False negative rate (FNR)
FNR measures the rate at which the model misclassifies the positive class (here, "toxic") as the negative class ("nontoxic"). For this use case, it tells you the rate at which actually toxic comments will slip through the filter and be displayed to users. Here, your primary concern is how bias manifests in terms of suppression of nontoxic discourse. FNR doesn't give you any insight into this dimension of the model's performance.

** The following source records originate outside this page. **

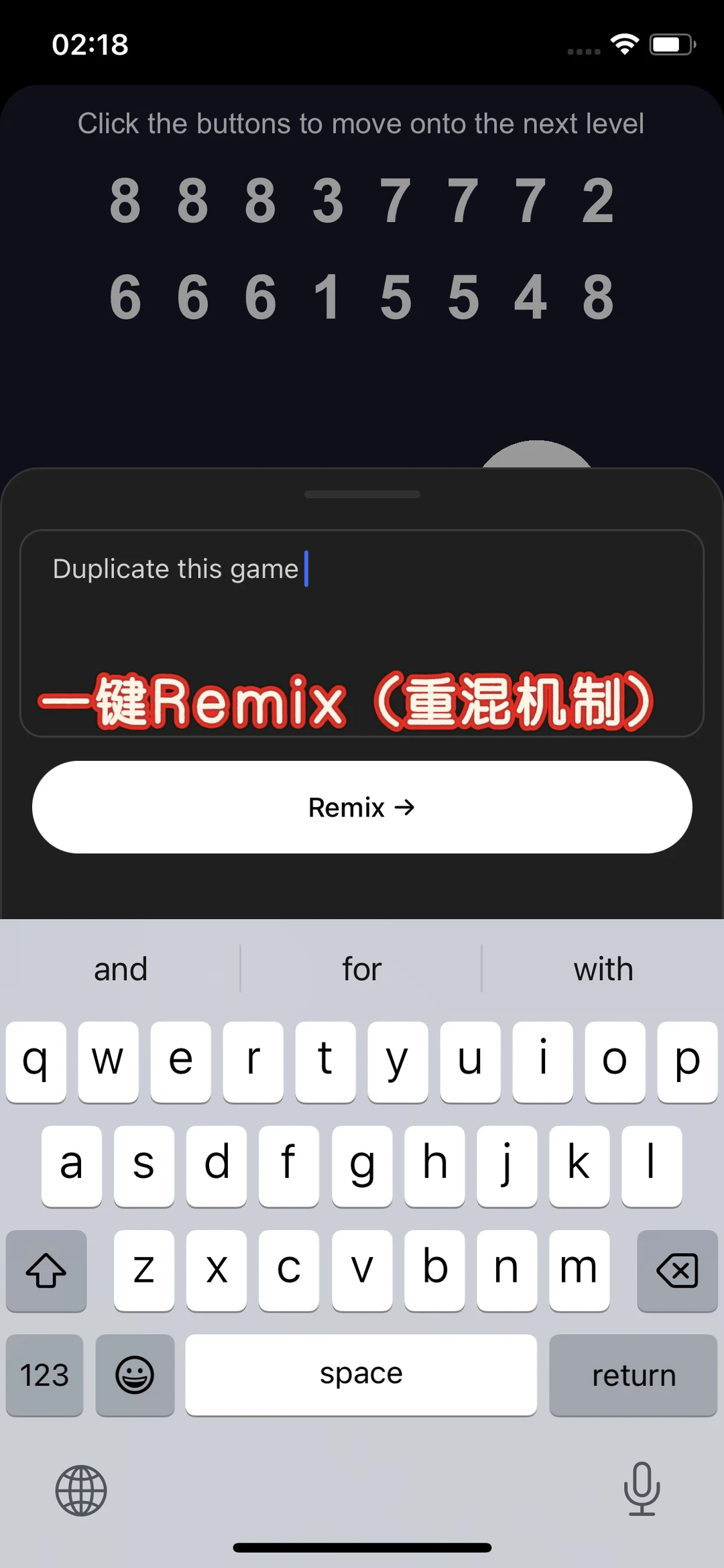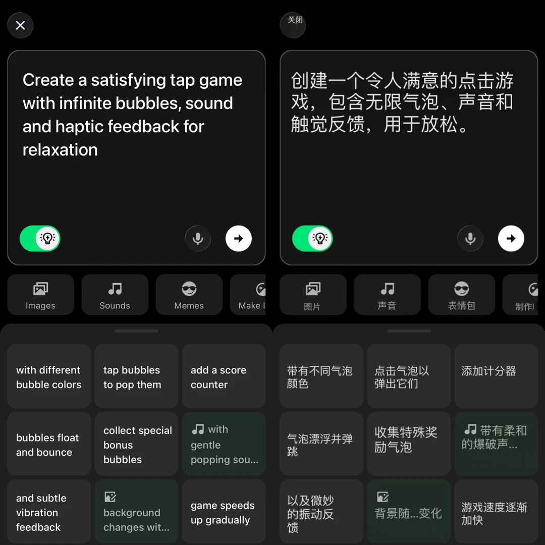 创作端更值得关注,用户只需用文字或语音描述想法,AI即可直接生成可玩的互动作品,同时会给到丰富的idea指引,0编程经验的新用户也能快速上手;
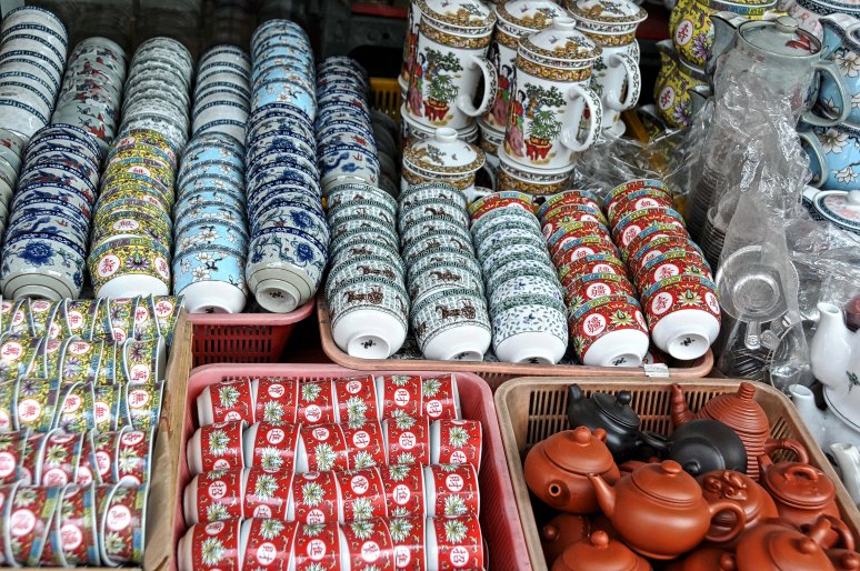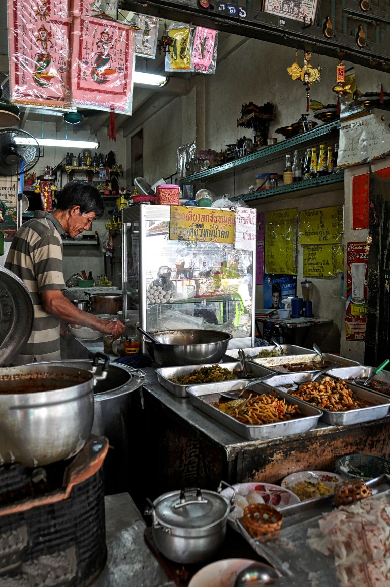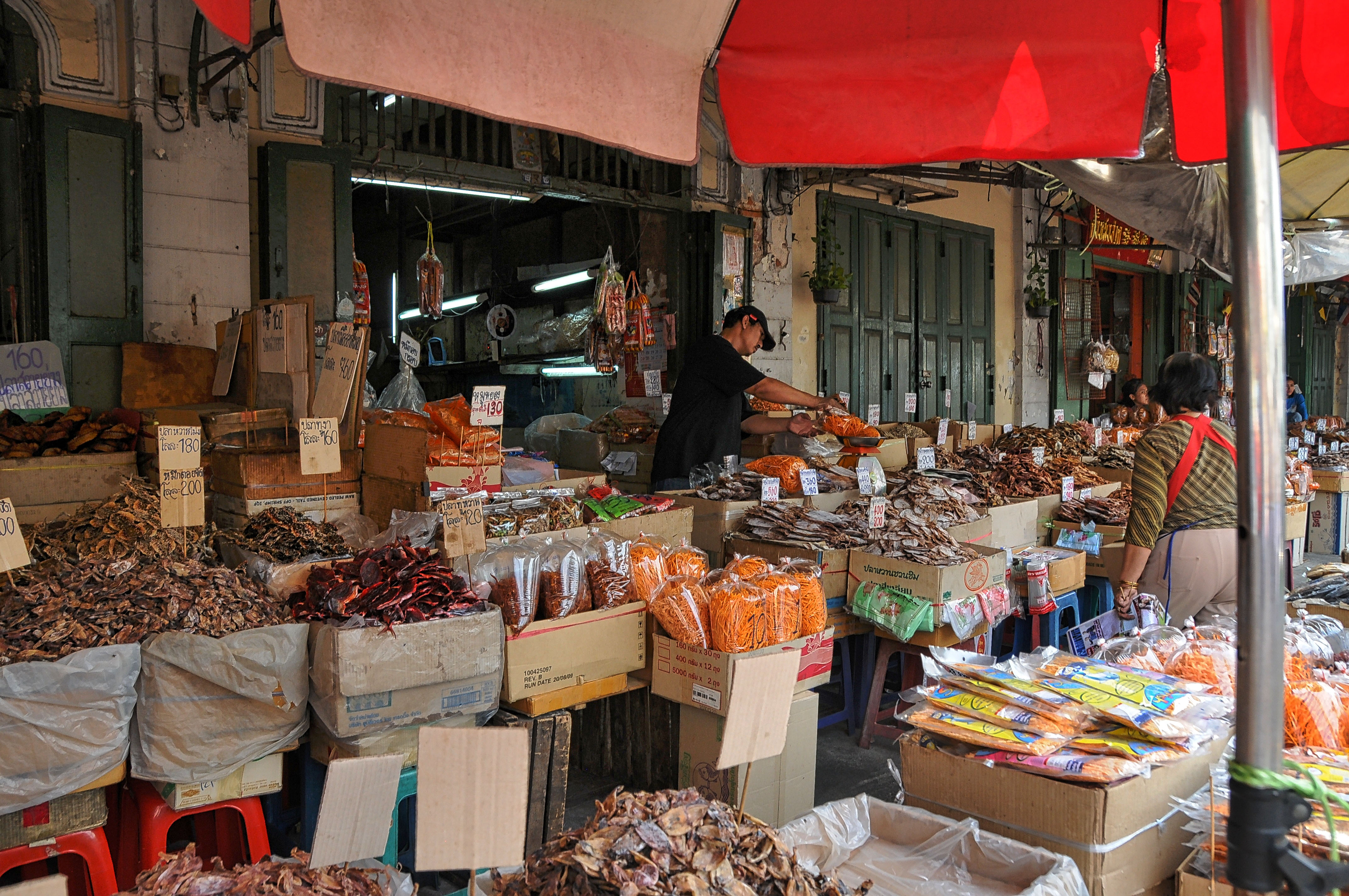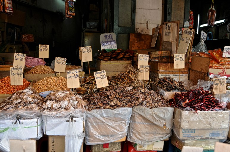 Between the Wat Pho Buddhist Temple and the Hua Lamphong station is Chinatown. This area is full of character and culture. Vendors took up most of the sidewalks and passageways, allowing single-file walking only. The short walk was double in time due to many stops to capture the moment.
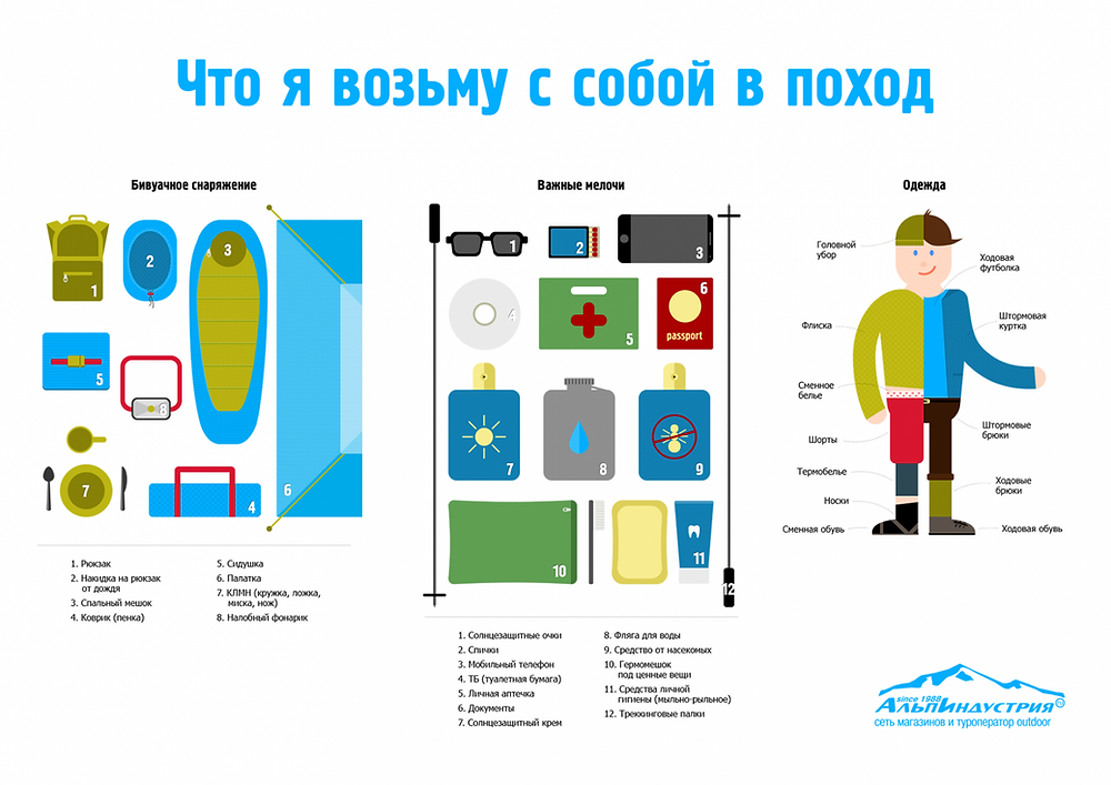 | Фонарик | Дорожный мешок | Водонепроницаемая верхняя одежда |
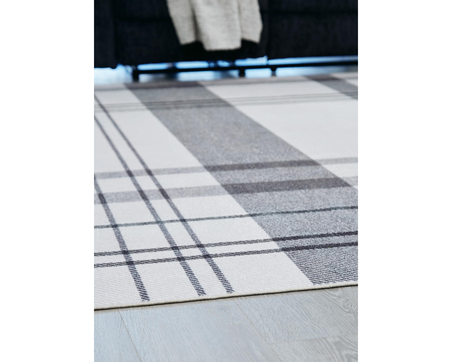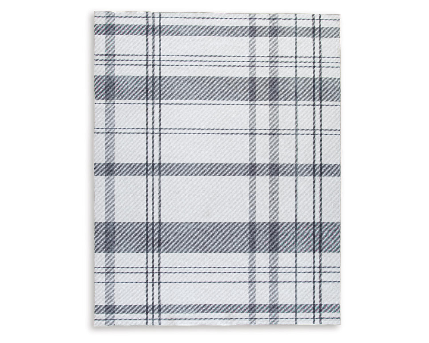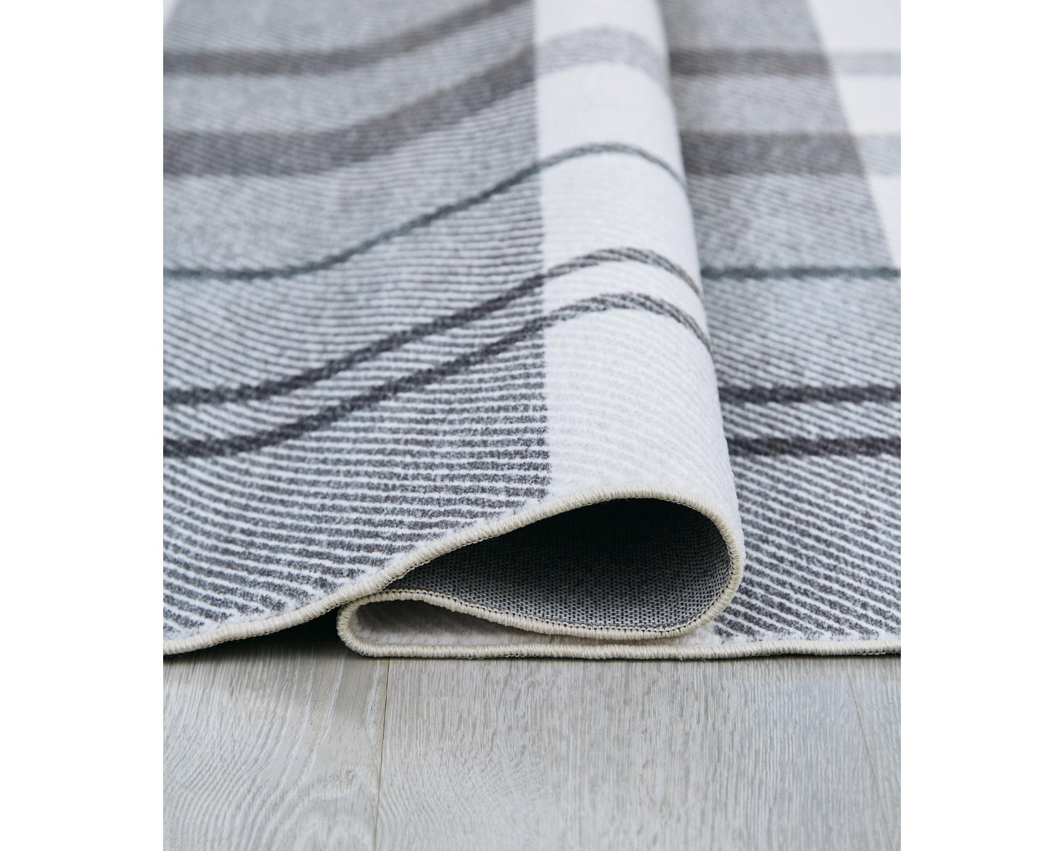 Machine woven, printed plaid design in cream and shades of gray. 3mm pile. Polyester velvet, backed with TPR/canvas blend. Machine washable and foldable. Rug pad recommended.
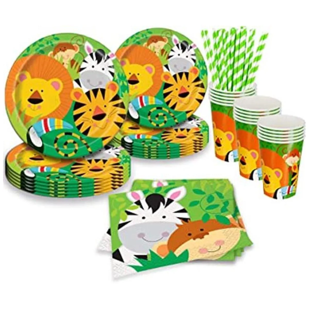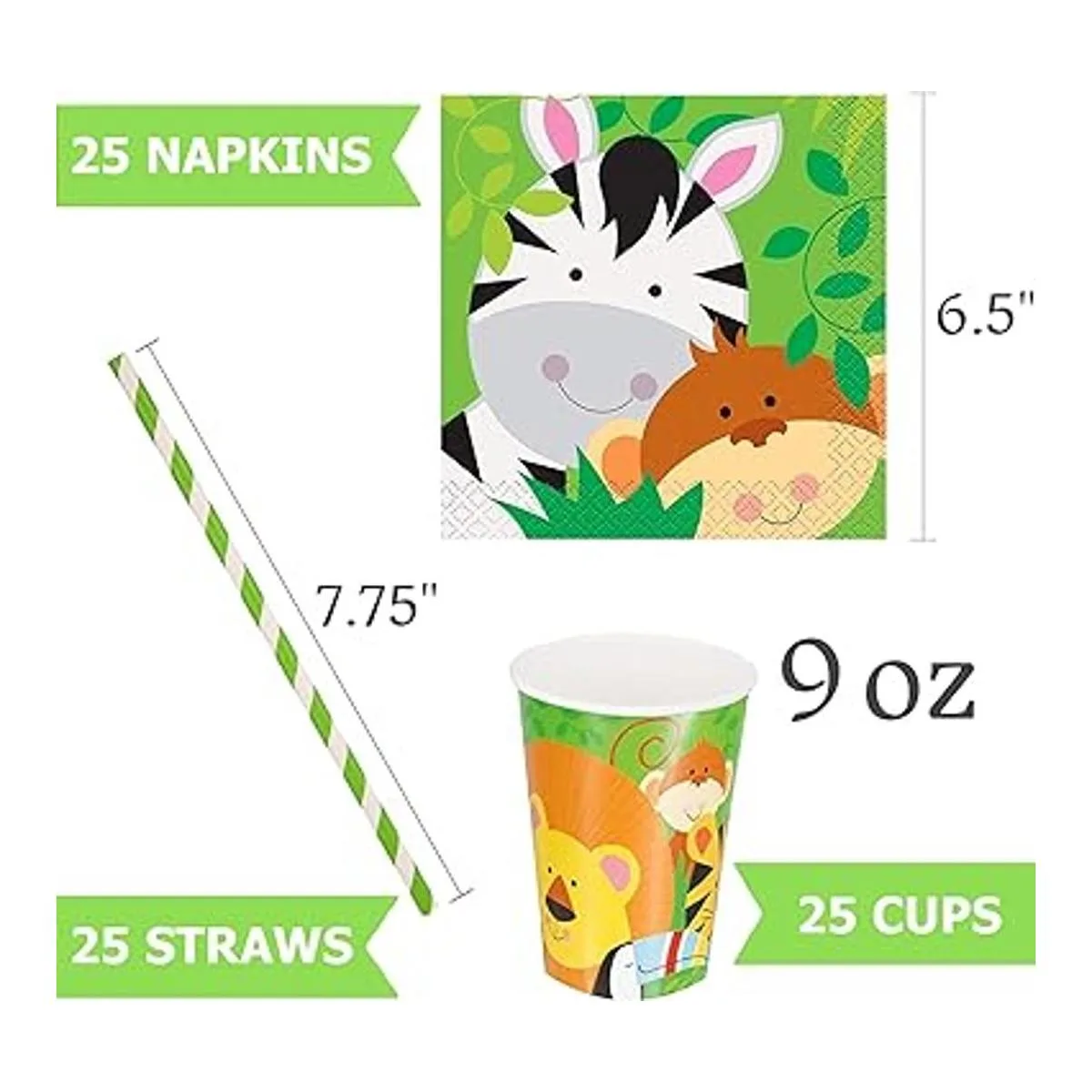 Suministros para fiestas de animales de la selva platos de animales, tazas, servilletas, pajitas 25 porciones
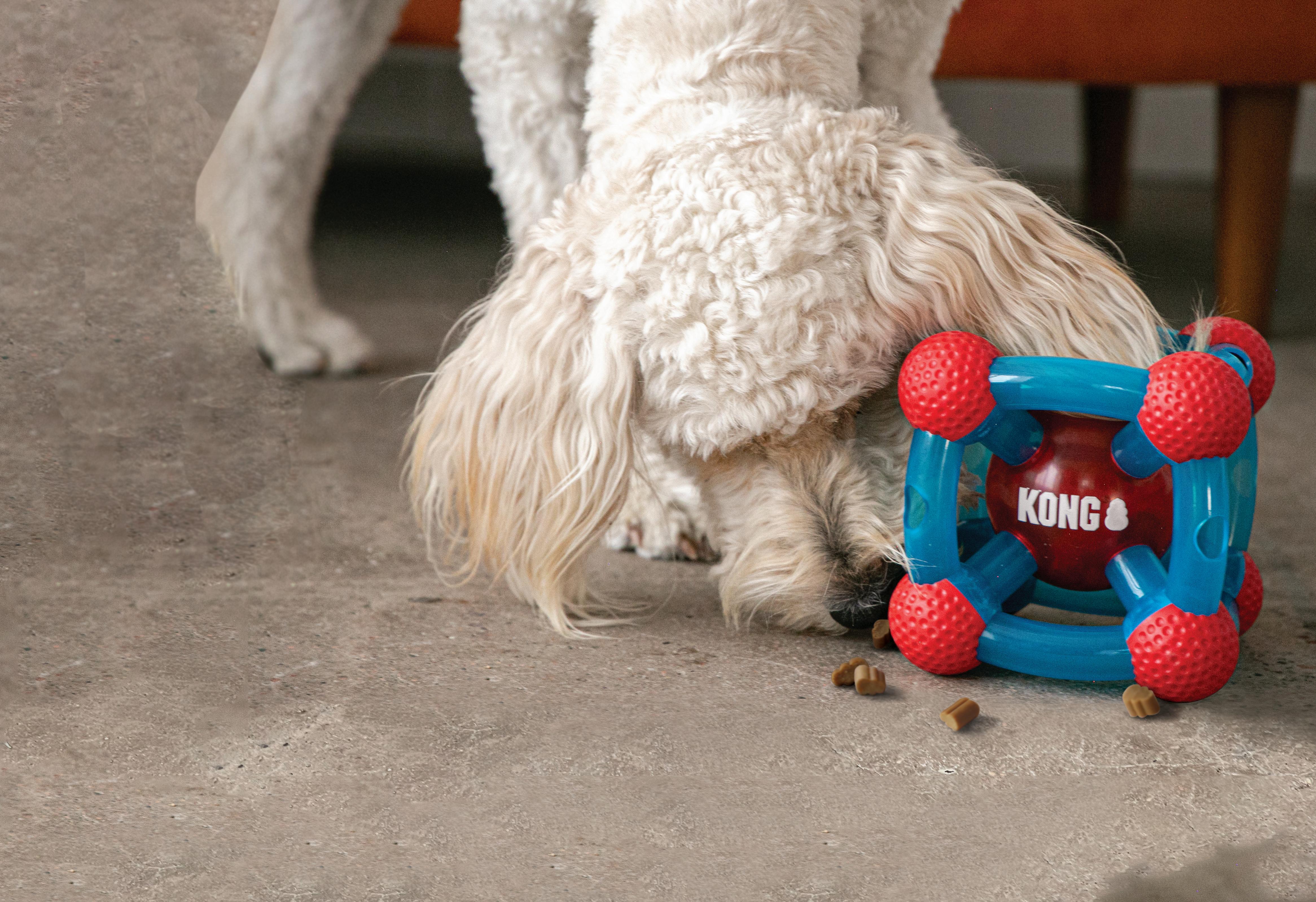 • Seis orificios para golosinas para una acción irresistiblemente impredecible
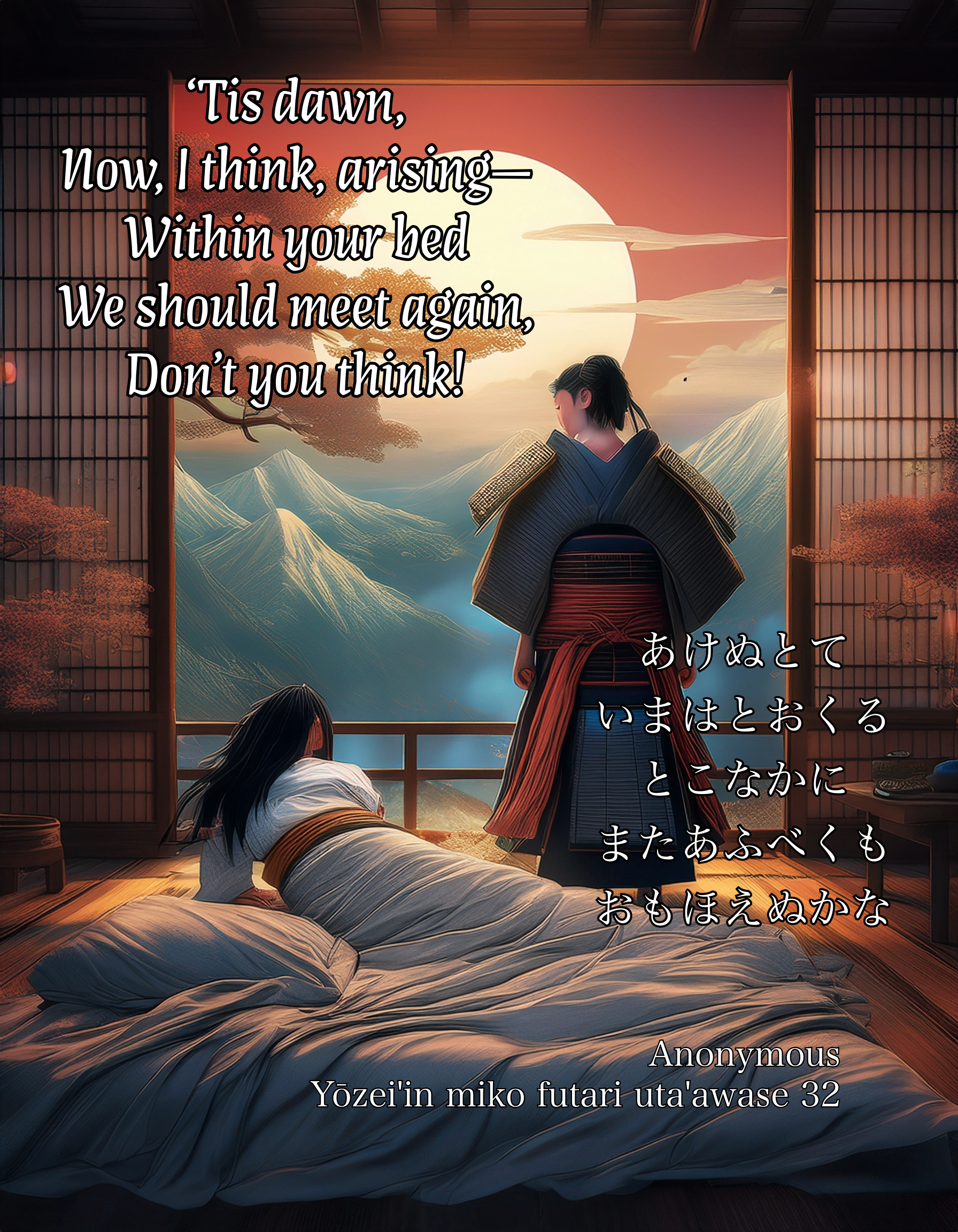 | akenu tote ima wa to okuru toko naka ni mata aubeku mo omohoenu kana | ‘Tis dawn, Now, I think, arising— Within your bed We should meet again, Don’t you think! |

Accuracy measures the percentage of model predictions that were correct, and inversely, the percentage of predictions that were wrong. For this use case, accuracy tells you how likely it is that the filter suppressed nontoxic discourse or displayed toxic discourse. Your primary concern is the former issue, not the latter. Since accuracy conflates the two issues, it's not the ideal evaluation metric to use here.
AUC provides an absolute measurement of a model's predictive ability. It's a good metric for assessing overall performance. However, here you're specifically concerned with comment suppression rates, and AUC doesn't give you direct insight into this issue.
A content moderator has been added to your team, and the product manager has decided to change how your classifier will be deployed. Instead of automatically suppressing the comments classified as toxic, the filtering software will flag these comments for the content moderator to review. Since a human will be reviewing comments labeled as toxic, bias will no longer manifest in the form of content suppression. Which of the following metrics might you want to use to measure bias—and the effect of bias remediation—now? Explore the options below.
False positive rate (FPR)
False positive rate will tell you the percentage of nontoxic comments that were misclassified as toxic. Since a human moderator will now be auditing all comments the model labels "toxic," and should catch most false positives, FPR is no longer a primary concern.
False negative rate (FNR)
While a human moderator will be auditing all comments labeled "toxic" and ensure that false positives are not suppressed, they will not be reviewing comments labeled "nontoxic." This leaves open the possibility of bias related to false negatives. You can use FNR (the percentage of actual positives that were classified as negatives) to systematically evaluate whether toxic commments for gender subgroups are more likely to be labeled as nontoxic than comments overall.
Precision tells you the percentage of positive predictions that are actually positive—in this case, the percentage of "toxic" predictions that are correct. Since a human moderator will be auditing all the "toxic" predictions, you don't need to make precision one of your primary evaluation metrics.
Recall tells you the percentage of actual positives that were classified correctly. From this value, you can derive the percentage of actual positives that were misclassified (1 – recall), which is a useful metric for gauging whether gender-related toxic comments are disproportionally misclassified as "nontoxic" compared to comments overall.